Travis’ words of advice are as follows: “The most important thing I’ve learned during this process is that being a provider for my family doesn’t just mean buying everything they want. The root of our financial problems was the simple error in judgment of saying ‘No’ with failing as a husband and as a provider. A true provider does what is best for the long-term success.”

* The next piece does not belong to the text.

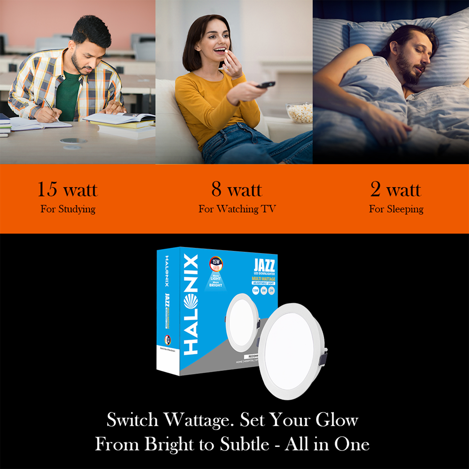 Jazz Multi-Wattage LED Downlighter is a smart, energy-efficient lighting solution designed to adapt to your needs. With 3 wattage options in one fixture (15W–8W–2W or 10W–5W–0.5W) one can easily switch wattage by simply turning the light On/Off, making it versatile for daily use across different settings.

Lessons to Manage Your Debt from the Pizels
- Think about every current bill and commitment you have and ask if it’s necessary
- There’s no shame in getting assistance from experts – their job is to help you get out of debt
- Develop a long-term plan and stick with it
- Don’t be afraid to practice DIY activities where possible
- Be honest with your family, especially with your kids – they’ll understand and appreciate your sacrifices later on
It Get’s Better
The debt totals that the two couples listed above held are extreme cases. Your reaction to their stories may have been one of shock, but you most likely felt a jolt of optimism after reading about their success.
Even if you don’t carry as much debt as the Lowes or Pizels, there are several lessons you can learn from them. These couples were able to reduce their insurmountable debts by making personal sacrifices, committing to reduction plans and following the advice of credit counsellors. If they were able to consolidate their debts, you can do it as well. It just takes some patience and perseverance.